Step 2: Determine Critical Control Points (CCPs)

  1. Identify Control Points: Any step where biological, chemical, or physical factors can be controlled is considered a control point.
  2. Determine CCPs: Use a decision tree to identify which control points are critical. A CCP is a step at which control can be applied and is essential to prevent or eliminate a hazard or reduce it to an acceptable level.
  3. Establish Critical Limits: For each CCP, define the maximum or minimum values to which parameters must be controlled. These limits ensure that hazards are effectively managed.
Control PointsCritical Control Points
Process steps where a control measure (mitigation activity) is necessary to prevent the hazard from occurringProcess steps where both control and monitoring are necessary to assure product quality and patient safety
Are not necessarily critical control points (CCPs)Are also control points
Determined from the risk associated with the hazardDetermined through a decision tree

Step 3: Establish Monitoring Procedures

  1. Develop Monitoring Plans: Create detailed plans for monitoring each CCP. This includes specifying what to monitor, how often, and who is responsible.
  2. Implement Monitoring Tools: Use appropriate tools and equipment to monitor CCPs effectively. This might include temperature sensors, microbial testing kits, or chemical analyzers.
  3. Record Monitoring Data: Ensure that all monitoring data is accurately recorded and stored for future reference.

Step 4: Establish Corrective Actions

  1. Define Corrective Actions: Develop procedures for when monitoring indicates that a CCP is not within its critical limits. These actions should restore control and prevent hazards.
  2. Proceduralize: You are establishing alternative control strategies here so make sure they are appropriately verified and controlled by process/procedure in the quality system.
  3. Train Staff: Ensure that all personnel understand and can implement corrective actions promptly.

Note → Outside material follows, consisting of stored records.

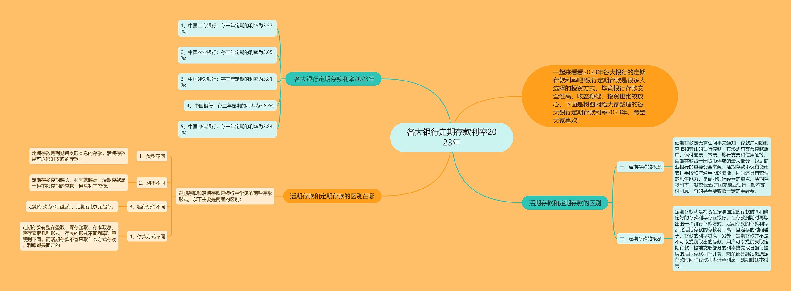 树图思维导图提供《各大银行定期存款利率2023年》在线思维导图免费制作,点击“编辑”按钮,可对《各大银行定期存款利率2023年》进行在线思维导图编辑,本思维导图属于思维导图模板主题,文件编号是:bec0e6d943bad755a358ad00f1344086
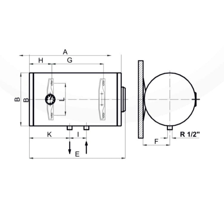 Бойлер Areesta Dry H50L 2 кВт 50 л сухий ТЕН, горизонтальний, білий
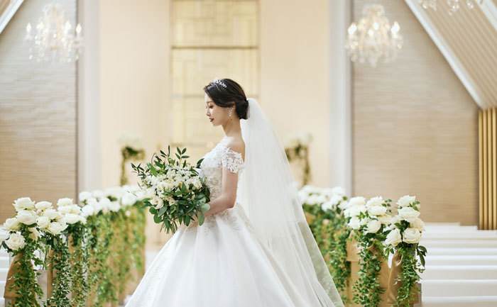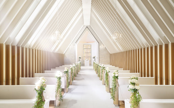 温かな光がふたりを包む、清楚で可憐な白を基調にしたチャペル。
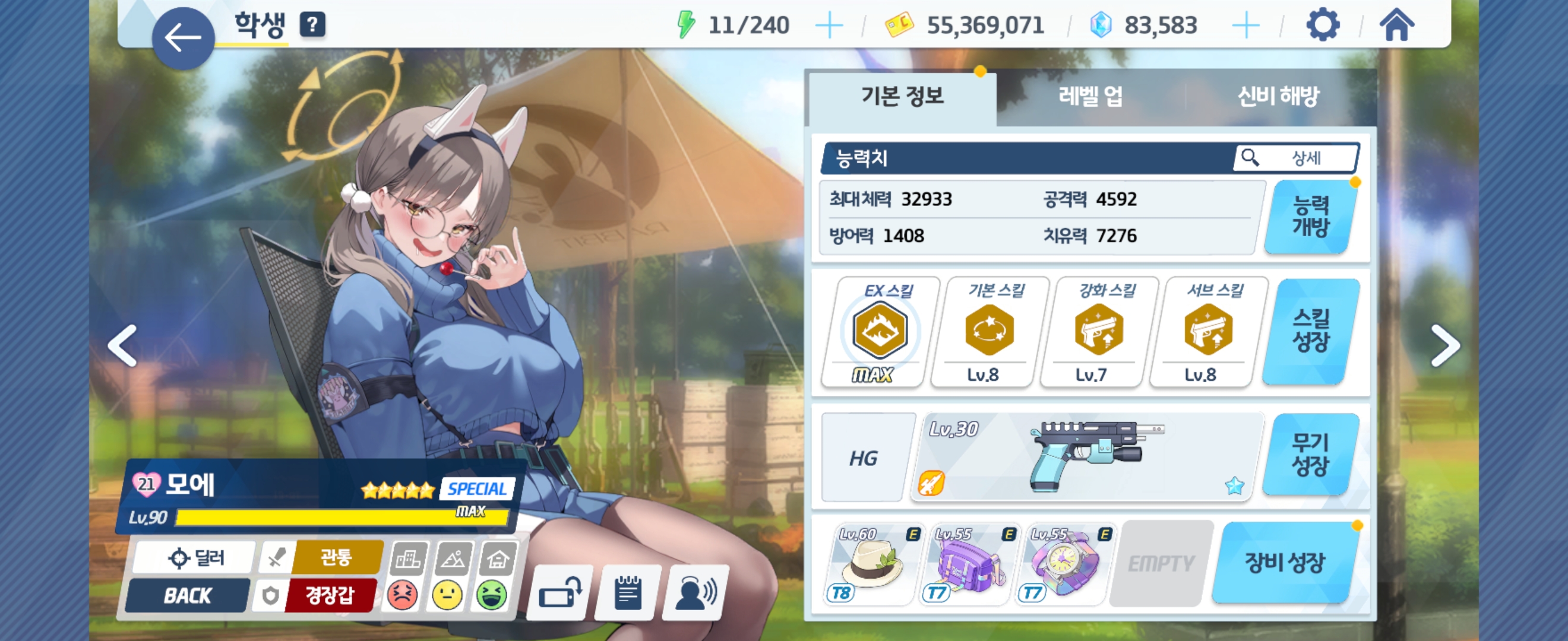 모에 Lv90 - 전무 1성, Ex 스킬 Max, 기본 스킬 Lv8, 강화 스킬 Lv7, 서브 스킬 Lv8

Step 5: Establish Verification Procedures

  1. Regular Audits: Conduct regular audits to verify that the HACCP system is functioning correctly. This includes reviewing monitoring data and observing process operations.
  2. Validation Studies: Perform validation studies to confirm that CCPs are effective in controlling hazards.
  3. Continuous Improvement: Use audit findings to improve the HACCP system over time.

Step 6: Establish Documentation and Record-Keeping

  1. Maintain Detailed Records: Keep comprehensive records of all aspects of the HACCP system, including hazard analyses, CCPs, monitoring data, corrective actions, and verification activities.
  2. Ensure Traceability: Use documentation to ensure traceability throughout the production process, facilitating quick responses to any safety issues.

Step 7: Implement and Review the HACCP Plan

  1. Implement the Plan: Ensure that all personnel involved in biotech manufacturing understand and follow the HACCP plan.
  2. Regular Review: Regularly review and update the HACCP plan to reflect changes in processes, new hazards, or lessons learned from audits and incidents.